> _Required work_
A word-for-word copy of all entries is required, without images.

> _Data provided_
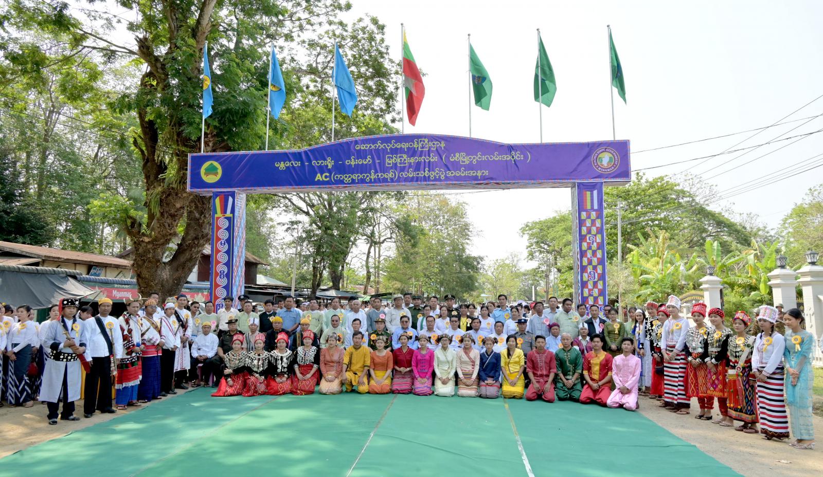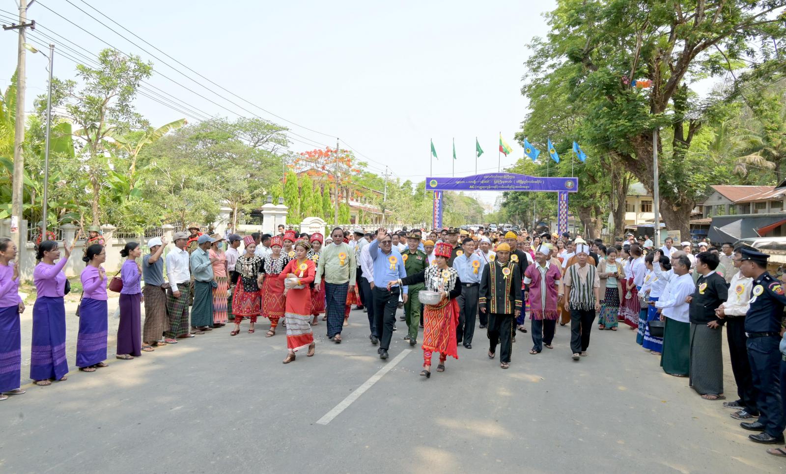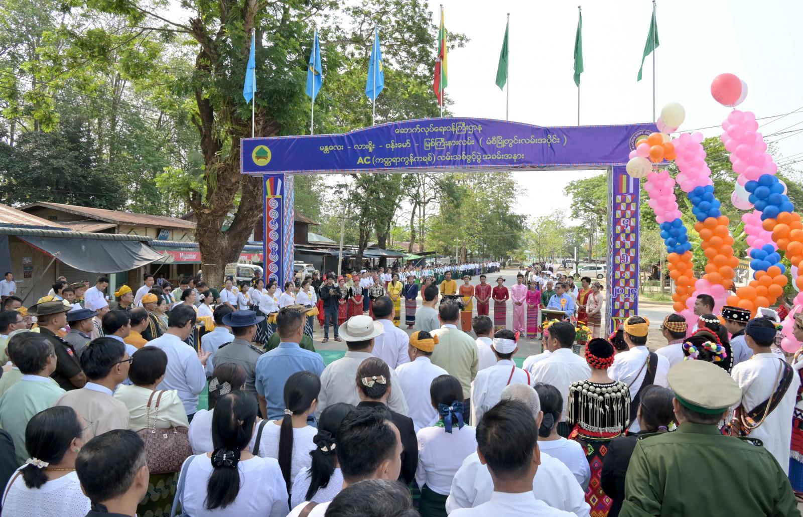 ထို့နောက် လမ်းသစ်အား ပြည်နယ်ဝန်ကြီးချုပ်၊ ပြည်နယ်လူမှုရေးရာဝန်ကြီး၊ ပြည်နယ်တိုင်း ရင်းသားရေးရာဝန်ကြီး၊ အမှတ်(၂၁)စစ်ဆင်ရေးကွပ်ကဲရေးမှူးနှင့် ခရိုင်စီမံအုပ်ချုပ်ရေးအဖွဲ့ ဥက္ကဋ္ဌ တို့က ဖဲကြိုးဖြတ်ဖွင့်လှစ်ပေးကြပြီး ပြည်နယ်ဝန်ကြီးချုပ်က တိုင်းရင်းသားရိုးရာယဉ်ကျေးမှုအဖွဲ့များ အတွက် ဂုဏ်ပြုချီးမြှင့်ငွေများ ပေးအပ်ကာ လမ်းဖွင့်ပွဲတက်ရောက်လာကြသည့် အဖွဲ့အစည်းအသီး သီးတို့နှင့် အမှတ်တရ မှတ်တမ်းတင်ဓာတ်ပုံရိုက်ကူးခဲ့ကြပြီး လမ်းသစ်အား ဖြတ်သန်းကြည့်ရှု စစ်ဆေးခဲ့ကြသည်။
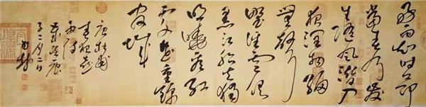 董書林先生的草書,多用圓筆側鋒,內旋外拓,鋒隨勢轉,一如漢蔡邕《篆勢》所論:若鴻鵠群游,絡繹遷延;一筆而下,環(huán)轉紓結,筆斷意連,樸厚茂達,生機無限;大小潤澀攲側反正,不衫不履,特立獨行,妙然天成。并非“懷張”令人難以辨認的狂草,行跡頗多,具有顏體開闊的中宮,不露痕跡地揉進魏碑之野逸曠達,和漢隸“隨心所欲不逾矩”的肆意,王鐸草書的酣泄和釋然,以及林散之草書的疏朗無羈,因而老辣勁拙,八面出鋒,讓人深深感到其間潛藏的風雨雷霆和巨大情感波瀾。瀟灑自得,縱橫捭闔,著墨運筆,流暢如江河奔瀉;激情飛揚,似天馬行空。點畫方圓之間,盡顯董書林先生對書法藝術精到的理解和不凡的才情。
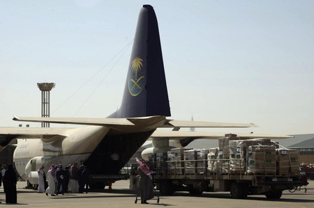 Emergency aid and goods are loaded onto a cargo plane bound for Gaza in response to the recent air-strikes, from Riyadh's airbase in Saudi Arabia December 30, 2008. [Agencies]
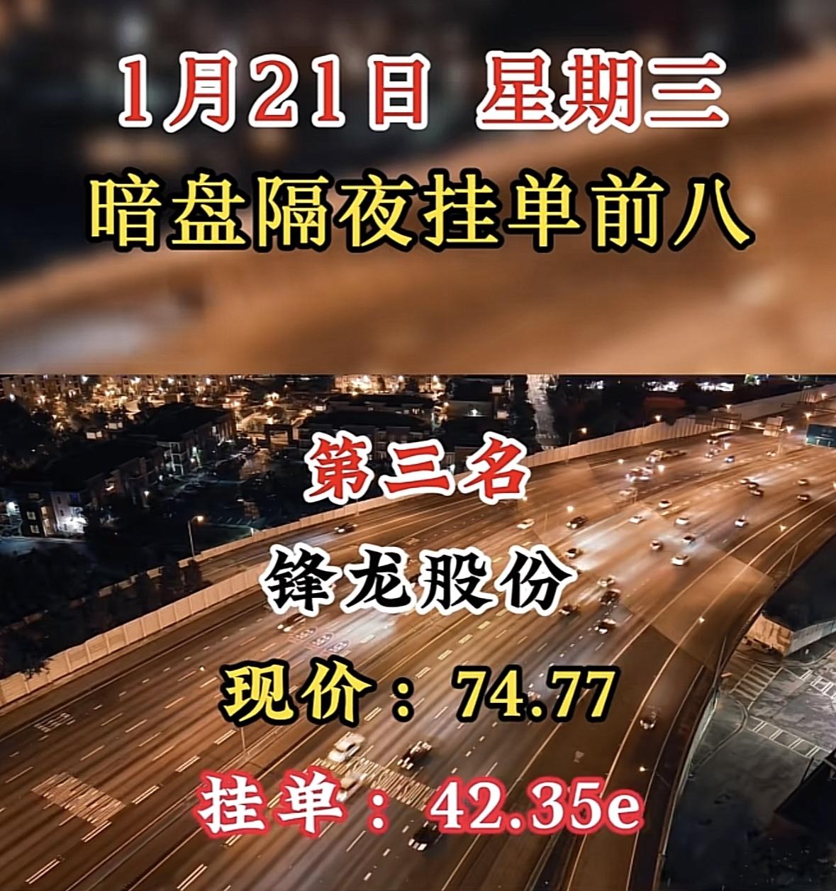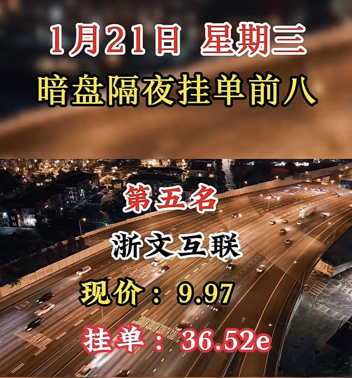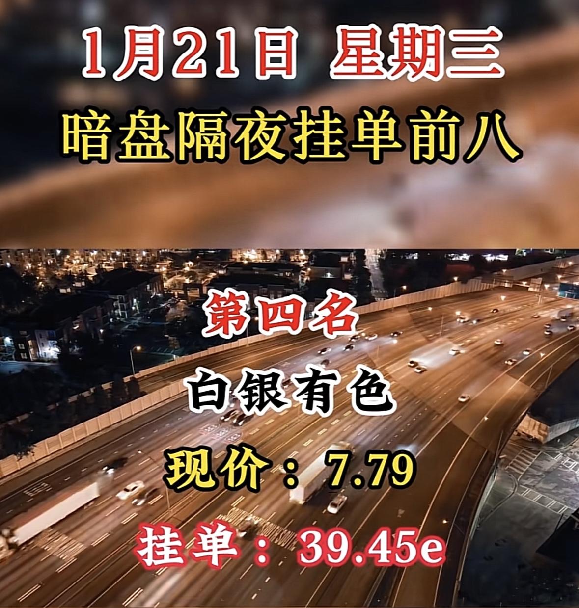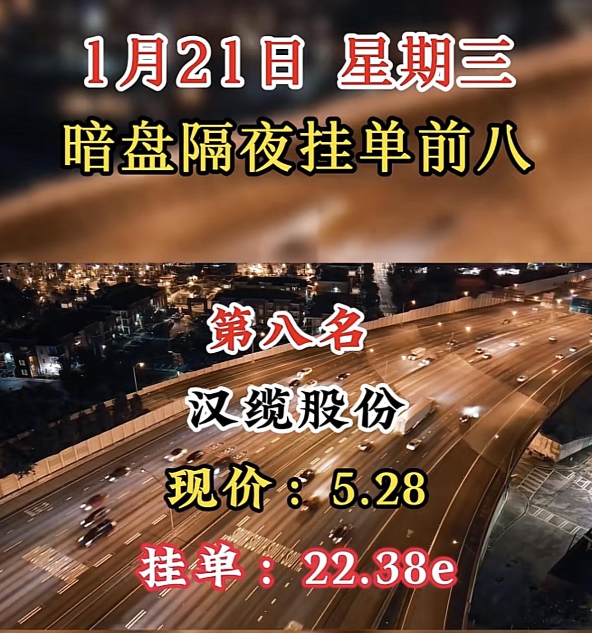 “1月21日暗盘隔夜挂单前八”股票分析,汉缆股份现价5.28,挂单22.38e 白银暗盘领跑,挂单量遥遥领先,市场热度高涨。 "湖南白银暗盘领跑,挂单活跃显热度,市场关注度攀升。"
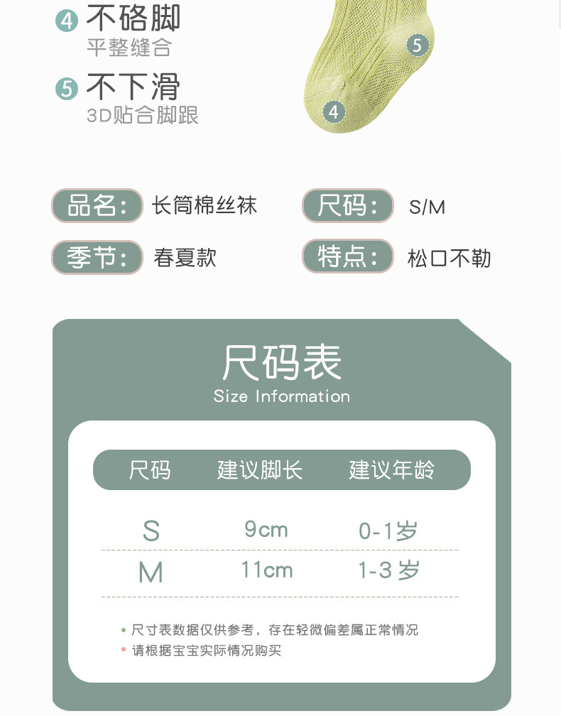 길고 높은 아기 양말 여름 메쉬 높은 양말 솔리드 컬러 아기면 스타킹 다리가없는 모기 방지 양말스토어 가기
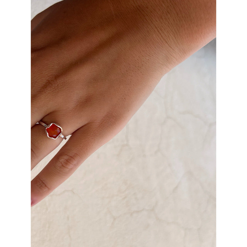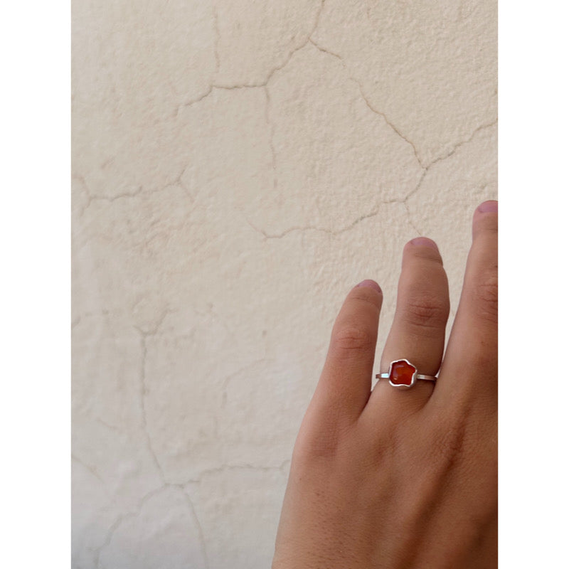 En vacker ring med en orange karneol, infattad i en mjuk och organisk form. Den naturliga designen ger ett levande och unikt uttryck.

> _Output below_
 ထို့နောက် လမ်းသစ်အား ပြည်နယ်ဝန်ကြီးချုပ်၊ ပြည်နယ်လူမှုရေးရာဝန်ကြီး၊ ပြည်နယ်တိုင်း ရင်းသားရေးရာဝန်ကြီး၊ အမှတ်(၂၁)စစ်ဆင်ရေးကွပ်ကဲရေးမှူးနှင့် ခရိုင်စီမံအုပ်ချုပ်ရေးအဖွဲ့ ဥက္ကဋ္ဌ တို့က ဖဲကြိုးဖြတ်ဖွင့်လှစ်ပေးကြပြီး ပြည်နယ်ဝန်ကြီးချုပ်က တိုင်းရင်းသားရိုးရာယဉ်ကျေးမှုအဖွဲ့များ အတွက် ဂုဏ်ပြုချီးမြှင့်ငွေများ ပေးအပ်ကာ လမ်းဖွင့်ပွဲတက်ရောက်လာကြသည့် အဖွဲ့အစည်းအသီး သီးတို့နှင့် အမှတ်တရ မှတ်တမ်းတင်ဓာတ်ပုံရိုက်ကူးခဲ့ကြပြီး လမ်းသစ်အား ဖြတ်သန်းကြည့်ရှု စစ်ဆေးခဲ့ကြသည်။
 董書林先生的草書,多用圓筆側鋒,內旋外拓,鋒隨勢轉,一如漢蔡邕《篆勢》所論:若鴻鵠群游,絡繹遷延;一筆而下,環(huán)轉紓結,筆斷意連,樸厚茂達,生機無限;大小潤澀攲側反正,不衫不履,特立獨行,妙然天成。并非“懷張”令人難以辨認的狂草,行跡頗多,具有顏體開闊的中宮,不露痕跡地揉進魏碑之野逸曠達,和漢隸“隨心所欲不逾矩”的肆意,王鐸草書的酣泄和釋然,以及林散之草書的疏朗無羈,因而老辣勁拙,八面出鋒,讓人深深感到其間潛藏的風雨雷霆和巨大情感波瀾。瀟灑自得,縱橫捭闔,著墨運筆,流暢如江河奔瀉;激情飛揚,似天馬行空。點畫方圓之間,盡顯董書林先生對書法藝術精到的理解和不凡的才情。
 Emergency aid and goods are loaded onto a cargo plane bound for Gaza in response to the recent air-strikes, from Riyadh's airbase in Saudi Arabia December 30, 2008. [Agencies]
 “1月21日暗盘隔夜挂单前八”股票分析,汉缆股份现价5.28,挂单22.38e 白银暗盘领跑,挂单量遥遥领先,市场热度高涨。 "湖南白银暗盘领跑,挂单活跃显热度,市场关注度攀升。"
 길고 높은 아기 양말 여름 메쉬 높은 양말 솔리드 컬러 아기면 스타킹 다리가없는 모기 방지 양말스토어 가기
 En vacker ring med en orange karneol, infattad i en mjuk och organisk form. Den naturliga designen ger ett levande och unikt uttryck.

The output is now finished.